Nous, à grande & mûre délibération, à
l’avis de nôtre Conſeil d’Etat établi dans nos Pays-Bas,
de nôtre Plénipotentiaire au Gouvernement
d’iceux, de nôtre Lieutenant, Gouverneur & Capitaine
Général de noſdits Pays, & oüi ſur le
tout nôtre Conſeil ſupréme établi lez nôtre Perſonne
Royale, pour les affaires des mêmes Pays,
avons, conformément à l’acceptation en faite par
leſdits Etats des Provinces de nos Pays-Bas, & à
leur réquiſition, de nôtre certaine ſcience, autorité & puiſſance abſoluë, qui Nous compete, ou
peut competer comme Souverain Prince & Seigneur
deſdits Pays, ordonne, ſtatué & décreté,
ordonnons, ſtatuons & décretons par ces préſentes
la ſuſdite Pragmatique Sanction, reglement
de Succeſſion & union indiviſible de tous nos
Etats, tant au de-hors qu’au-dedans de l’Allemagne, en Loi perpétuelle & irrévocable dans noſdits
Pays-Bas ; & qu’en conséquence d’icelles la
Succeſſion de toûtes nos Provinces héréditaires de
noſdits Pays, en une maſſe & indiviſiblement,
échoira dorénavant, ſelon ledit droit de Primogeniture & ordre de Succeſſion lineale, & reſtera
à nos Deſcendans mâles, tant qu’il y en aura aucun,
& au défunt de ceux-ci, que Dieu ne veüille,
aux Archiducheſſes nos filles, toujours ſuivant
l’ordre & droit de Primogeniture, ſans le pouvoir
jamais partager, & qu’au défaut de tout
héritier légitime de l’un ou l’autre ſexe, deſcendans
de Nous, le droit d’Héritier de toutes noſdites
Provinces échoira aux Princeſſes filles de
nôtre frère l’Empereur Joſeph, de glorieuſe mémoire,
& à leurs Deſcendans de l’un & de l’autre
ſexe, ſelon ledit droit de Primogeniture, & qu’arrivant
l’extinxtion de ces deux lignes, ce droit
héréditaire ſera entiérement reſervé aux Princeſſes
nos ſœurs & leurs Deſcendans légitimes de l’un
& de l’autre ſexe, & ſucceſſivement à toutes les
autres lignes de l’Auguſte Maiſon, à chacune
ſelon le droit de Primogeniture & ſuivant le rang
qui en réſultera, & ce nonobſtant le Reglement
& ancienne Loi, touchant la Succeſſion de Prince
deſdits Pays-Bas, établie dans leſdits Pays par la
Pragmatique Sanction de l’Empereur Charles V.
du quatriéme Novembre quinze cens quarante-neuf,
& toutes coutumes d’aucunes de noſdites
Provinces, auſquelles, pour les cauſes & conſidérations ſuſdites, avons, de nôtredite autorité &
pleine puiſſance, dérogé & dérogeons, en ce que
la ſuſdite Sanction & coutumes ne ſeroient conformes
à nôtre préſente diſpoſition, voulanr qu’en
tous autres cas elles demeurent en leur force &
vigueur, & ſoient entretenues & obſervées.
Si donnons en mandement, &c.
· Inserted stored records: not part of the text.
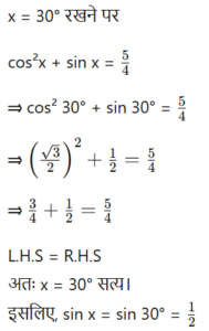 8. यदि cos²x + sin x = 5/4, तो 'sin x' का मान ज्ञात कीजिए। [RRB JE 24/05/2019 (Morning)]
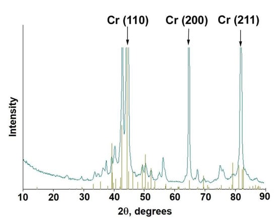 These composites generate interest for several reasons. Chromium is a metal that is widely used in engineering. Substantial amounts of chromium are used in coatings, including electrochemical ones. However, when producing electrochemical chromium coatings, the use of carcinogenic materials cannot be avoided. This fact reduces the attractiveness of such technologies. There are other techniques for applying coatings (e.g., gas dynamics [,], frictional cladding [], etc.). However, to improve the efficiency of such coatings, when chrome is used, it is necessary to modify the chromium material to improve its wear resistance, durability, etc. This paper considers such a modification of the chromium material using nanoparticles, providing an opportunity to improve the mechanical properties of the material without degrading the quality of its surface.
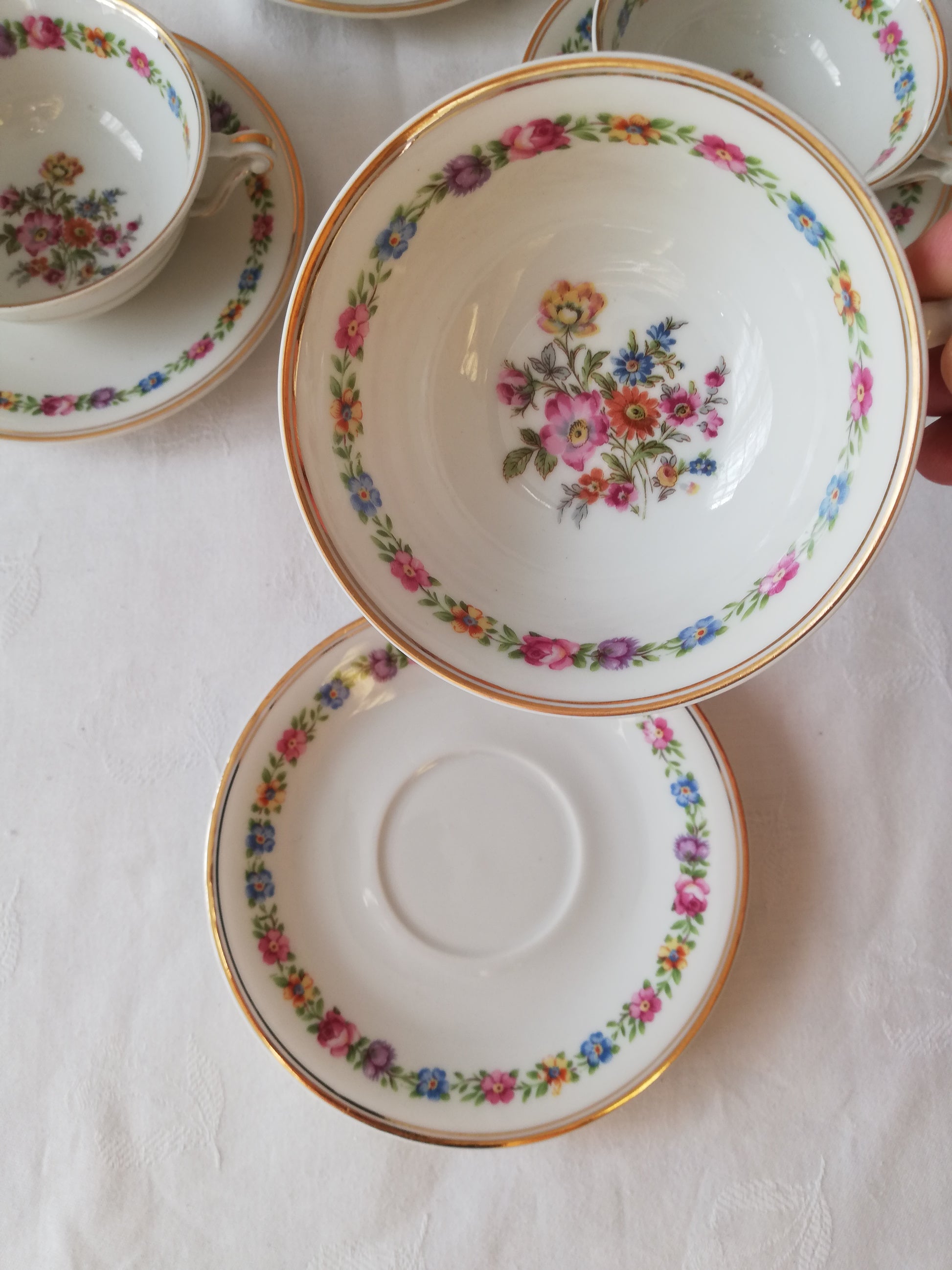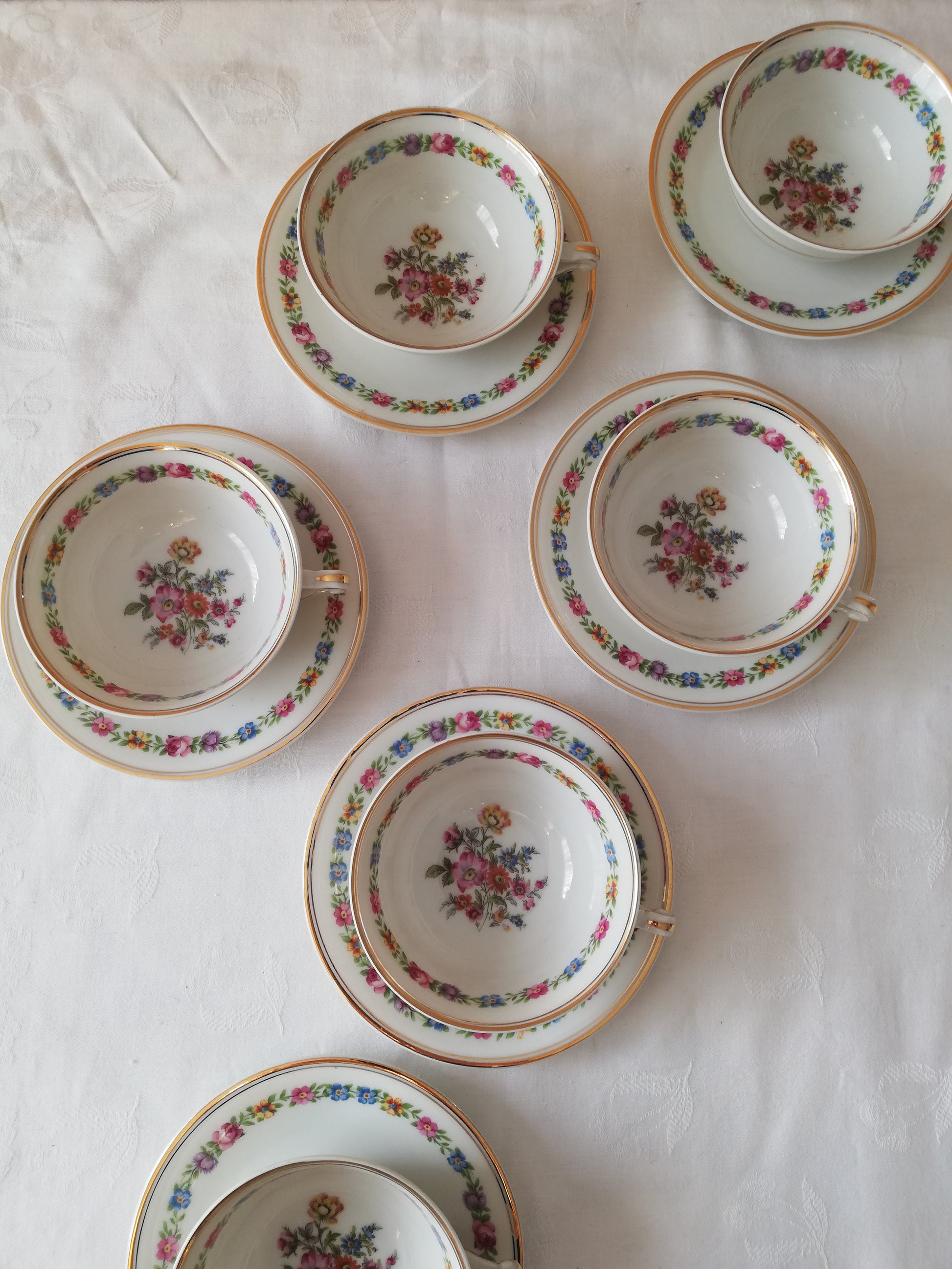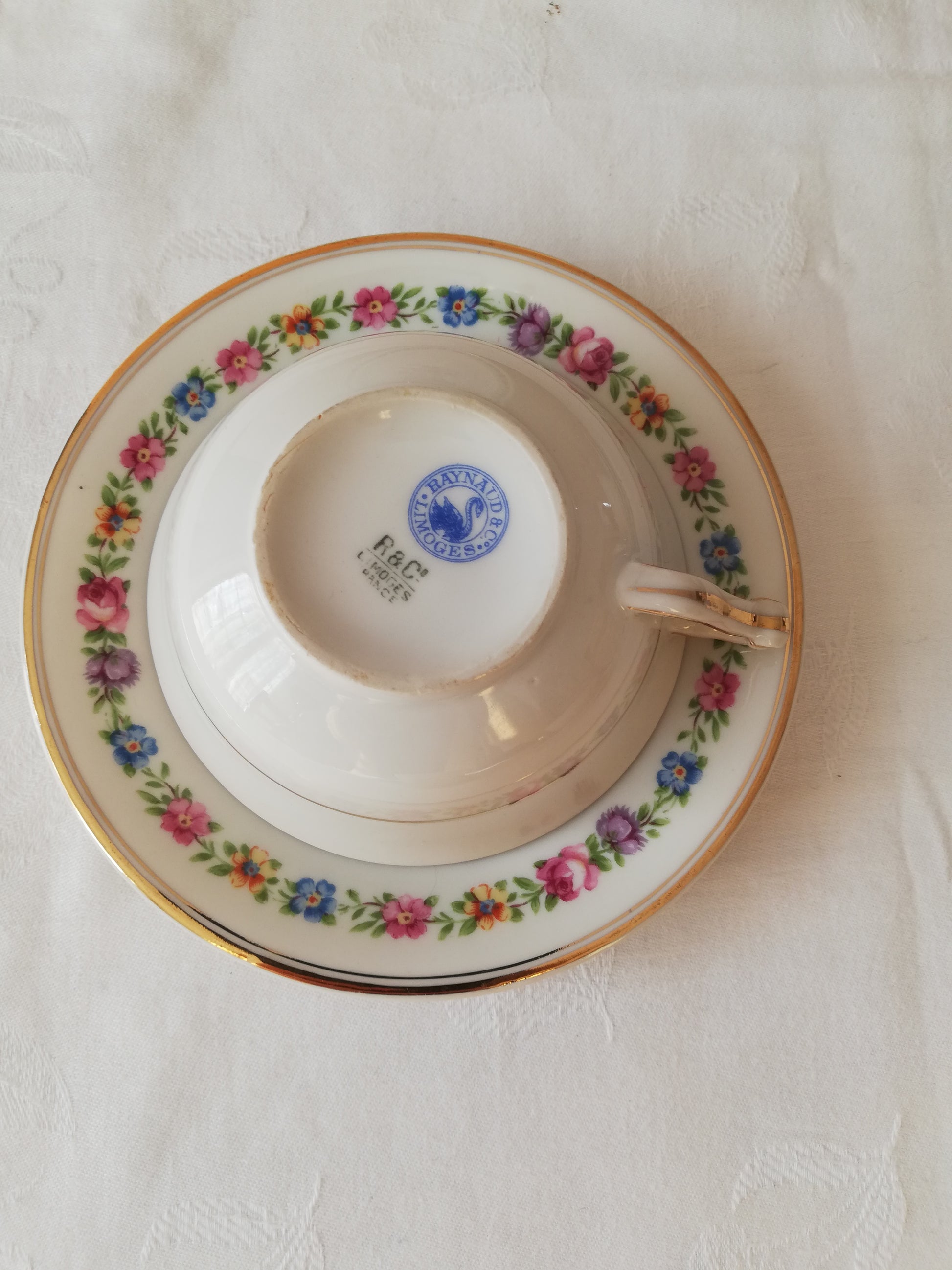 Service à thé limoges Raynaud et Cie composé de 6 sous tasses et tasses

Donné en notre Ville & réſidence Impériale de Vienne en Autriche le ſixiéme jour du mois de Décembre, l’an de grâce mille ſept cens ving-quatre, & de nos Règnes, de l’Empire Romain le treiziéme, d’Eſpagne le ving-deuxième, & de Hongrie & de Bohême auſſi le treiziéme. Etiit paraphé, Princ. de Cardna Pr. vt. Signé, CHARLES.
Plus bas étoit écrit, Par Ordonnance de Sa Majeſté, contreſigné, A. F. de Kurz, & ſcellé du grand Seel de Sa Majeſté en cire vermeille y pendant à double cordon de ſoye rouge, noire, blanche & jaune en une boite.